Within the entries below, output exactly the lines between the line containing "南山區(qū)科創(chuàng)學校,安保人員正在為返校的學生測量體溫。" and the line containing "Vordergrund: Dominante Böcke", inclusive, and omit any picture.

Exercise input: Begin

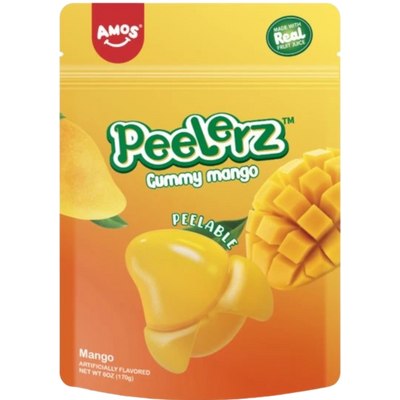 Amos Peelerz Mango peelable gummy candy. One of Tik Tok's viral trends! Made with real fruit juice, these sophisticated gummy mangoes are available in flavors that offer a soft texture, juicy taste, and fruitiness. This candy offers a playful twist on enjoying the beloved fruit, with its unique outer skin that can be peeled away to reveal a softer, bouncy solid gel layer.
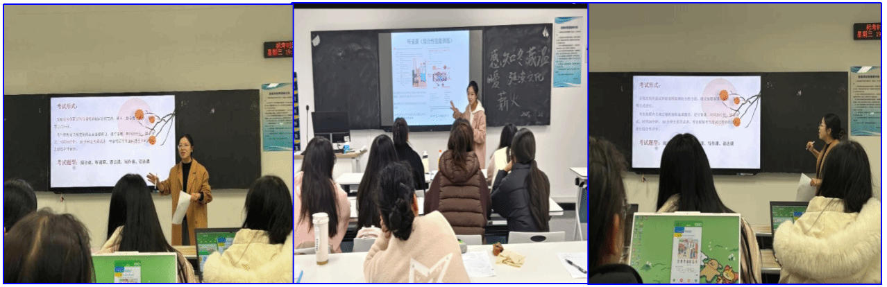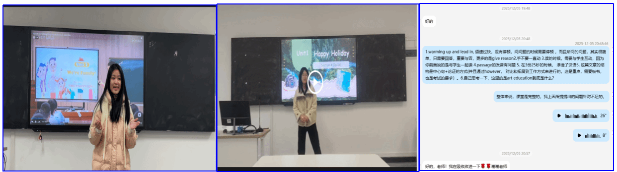 中期(精进阶段),以人教版英语教材为核心载体开展文本研读,融合教学实施实操演练与数字化教学技能训练,依托优质课构建教学参照体系,精准优化试讲逐字稿,聚焦“教学评一体化”理念与核心素养培育,通过多轮靶向性“磨课”实训,系统打磨教姿教态规范性、课堂互动有效性与临场应变专业性,推动逐字稿从“文本规范”向“课堂适配”转化,切实服务于英语试讲需求
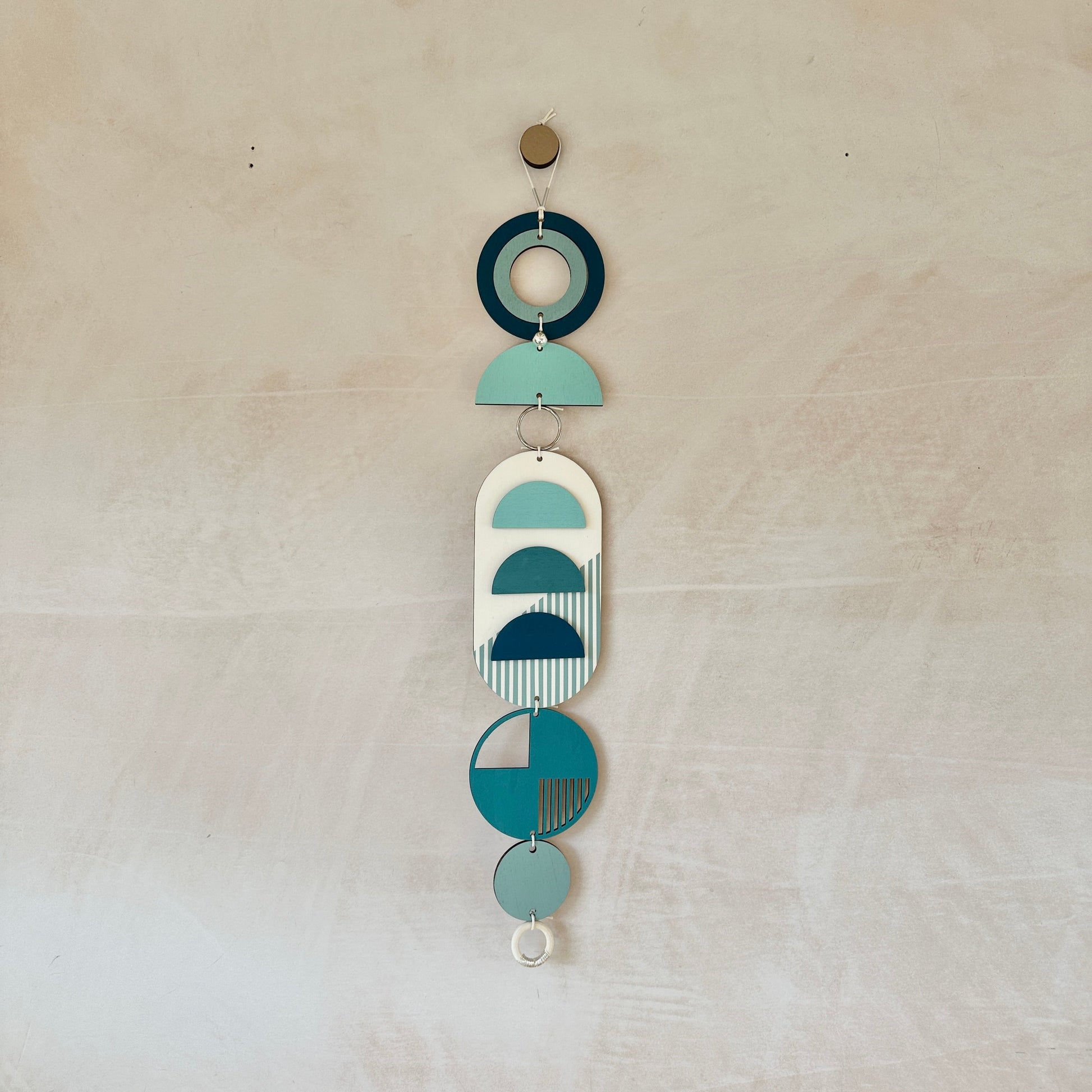 Lovingly handmade modern wall art. These pieces are made from plywood, paint, metal and waxed cord. The colours used are beautiful blues with silver components. These slim wall hangings would make a beautiful addition to any room to create a modern mid-century feel. Made from sustainable plywood, hand painted and constructed in Milton Keynes, England.
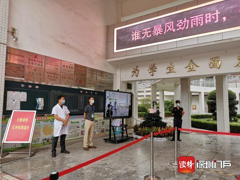 南山區(qū)科創(chuàng)學校,安保人員正在為返校的學生測量體溫。
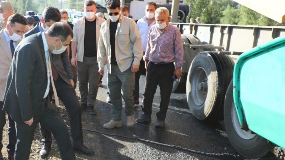 Öksüz, İl Özel İdaresi Genel Sekreteri Vali Yardımcısı Zafer Yiğit ile birlikte incelediği yol çalışmasının kısa sürede tamamlanmasını istedi.
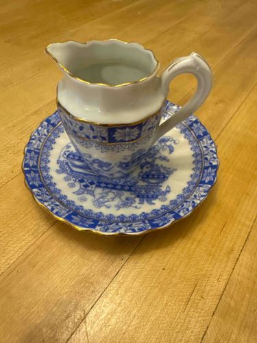 Vintage Flow Blue Chinoiserie Porcelain Creamer and Saucer Set
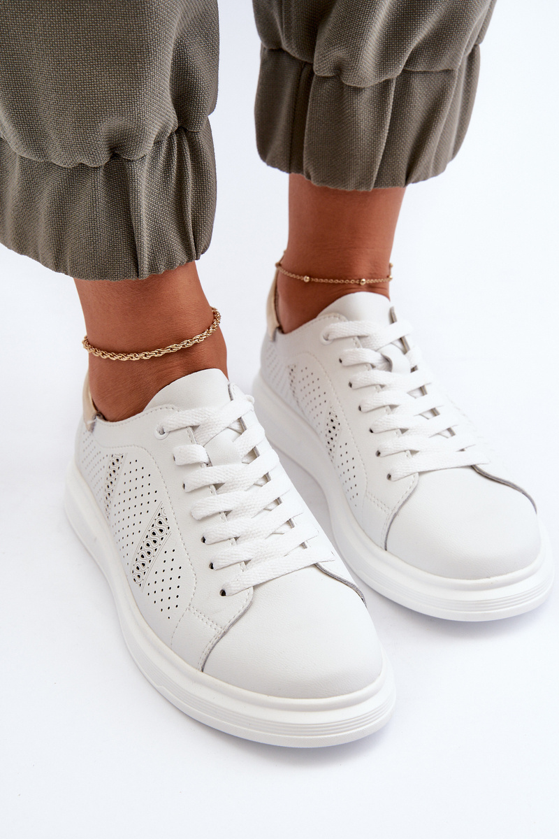 Lekkie Skórzane Trampki Damskie Białe S.Barski LR760
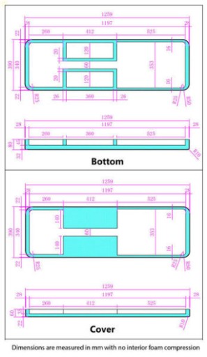 - Wymiary wewnętrzne : 119 x 34,5 x 7 cm (dł. x szer. x wys.)
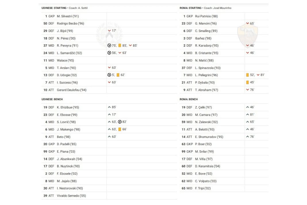 Sunday saw Udinese vs Roma in Serie A.
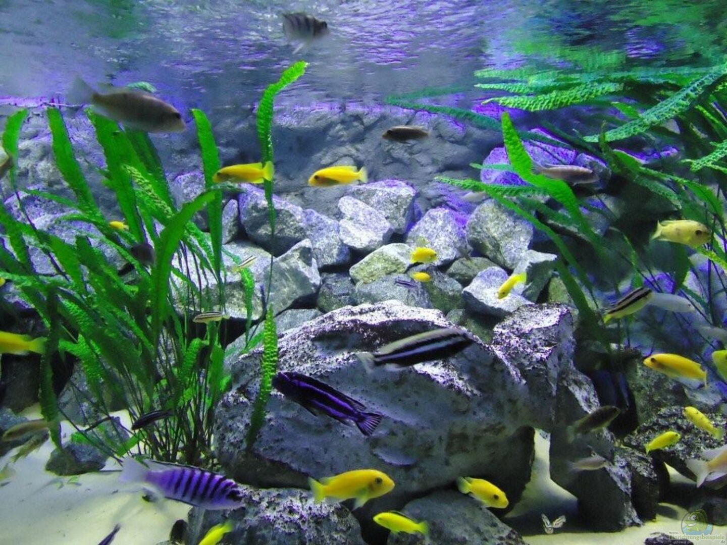 Vordergrund: Dominante Böcke von Melanochromis Maingano und Auratus sowie Ps. Zebra von Mbuna Mick (48)
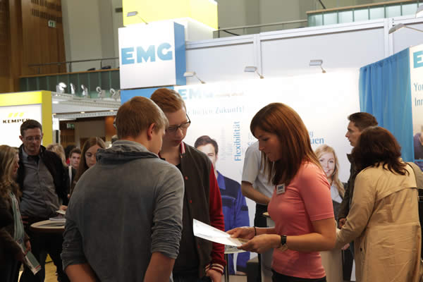 Die Messe bot an beiden Tagen von 13 bis 18 Uhr für Schüler aller Schulformen und natürlich auch für deren Eltern umfassende praxisnahe Einblicke in rund 90 verschiedene Berufe und schulische Ausbildungsgänge. Angesprochen waren in erster Linie die Jahrgangsstufen 8 bis 12. Um Berührungsängste gar nicht erst aufkommen zu lassen, brachten die meisten Ausbilder ihre Auszubildenden mit, die erfahrungsgemäß leicht mit den jungen Besuchern ins Gespräch kamen und dabei authentisch aus ihrem Azubi-Alltag berichteten. Für Abiturienten waren neben den Präsentationen vieler dualer Ausbildungsberufe auch die Informationen zu dualen Studiengängen interessant. So wurde erst kürzlich der Duale Studiengang „Maschinenbau“ an der Uni Siegen neu strukturiert und mit einer Ausbildung zum Industriemechaniker kombiniert.

Exercise input: End

### Task response
 南山區(qū)科創(chuàng)學校,安保人員正在為返校的學生測量體溫。
 Öksüz, İl Özel İdaresi Genel Sekreteri Vali Yardımcısı Zafer Yiğit ile birlikte incelediği yol çalışmasının kısa sürede tamamlanmasını istedi.
 Vintage Flow Blue Chinoiserie Porcelain Creamer and Saucer Set
 Lekkie Skórzane Trampki Damskie Białe S.Barski LR760
 - Wymiary wewnętrzne : 119 x 34,5 x 7 cm (dł. x szer. x wys.)
 Sunday saw Udinese vs Roma in Serie A.
 Vordergrund: Dominante Böcke von Melanochromis Maingano und Auratus sowie Ps. Zebra von Mbuna Mick (48)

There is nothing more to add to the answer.